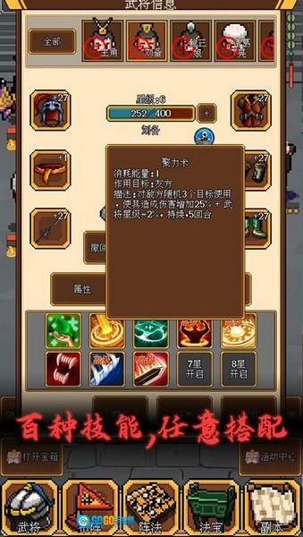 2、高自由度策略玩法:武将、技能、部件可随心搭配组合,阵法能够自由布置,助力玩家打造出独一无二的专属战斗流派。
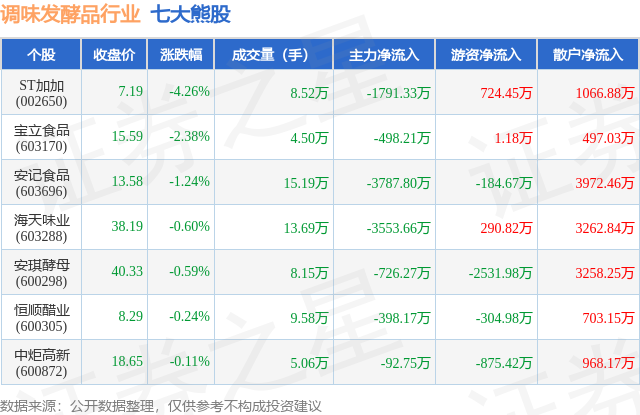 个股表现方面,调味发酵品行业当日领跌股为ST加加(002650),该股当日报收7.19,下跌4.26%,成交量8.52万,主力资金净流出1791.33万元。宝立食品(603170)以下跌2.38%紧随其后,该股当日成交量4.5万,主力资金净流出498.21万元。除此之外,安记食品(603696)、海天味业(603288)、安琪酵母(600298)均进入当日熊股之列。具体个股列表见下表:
::::::
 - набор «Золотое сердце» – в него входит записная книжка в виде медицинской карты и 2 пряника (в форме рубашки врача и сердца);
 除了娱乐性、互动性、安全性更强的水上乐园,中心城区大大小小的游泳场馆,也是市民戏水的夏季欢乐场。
::::::
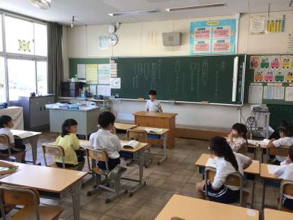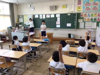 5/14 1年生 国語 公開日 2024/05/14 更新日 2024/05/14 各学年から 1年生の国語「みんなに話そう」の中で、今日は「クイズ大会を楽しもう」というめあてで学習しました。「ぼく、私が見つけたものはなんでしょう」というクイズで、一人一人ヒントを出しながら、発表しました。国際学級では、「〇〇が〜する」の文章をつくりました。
::::::
*The problem*:
In the data above, find the line with "2、高自由度策略玩法:武将、" and the line with "个股表现方面,调味发酵品行业". Please copy exactly those two lines and every line between them, but not the pictures.

*Expected output*:
 2、高自由度策略玩法:武将、技能、部件可随心搭配组合,阵法能够自由布置,助力玩家打造出独一无二的专属战斗流派。
 个股表现方面,调味发酵品行业当日领跌股为ST加加(002650),该股当日报收7.19,下跌4.26%,成交量8.52万,主力资金净流出1791.33万元。宝立食品(603170)以下跌2.38%紧随其后,该股当日成交量4.5万,主力资金净流出498.21万元。除此之外,安记食品(603696)、海天味业(603288)、安琪酵母(600298)均进入当日熊股之列。具体个股列表见下表:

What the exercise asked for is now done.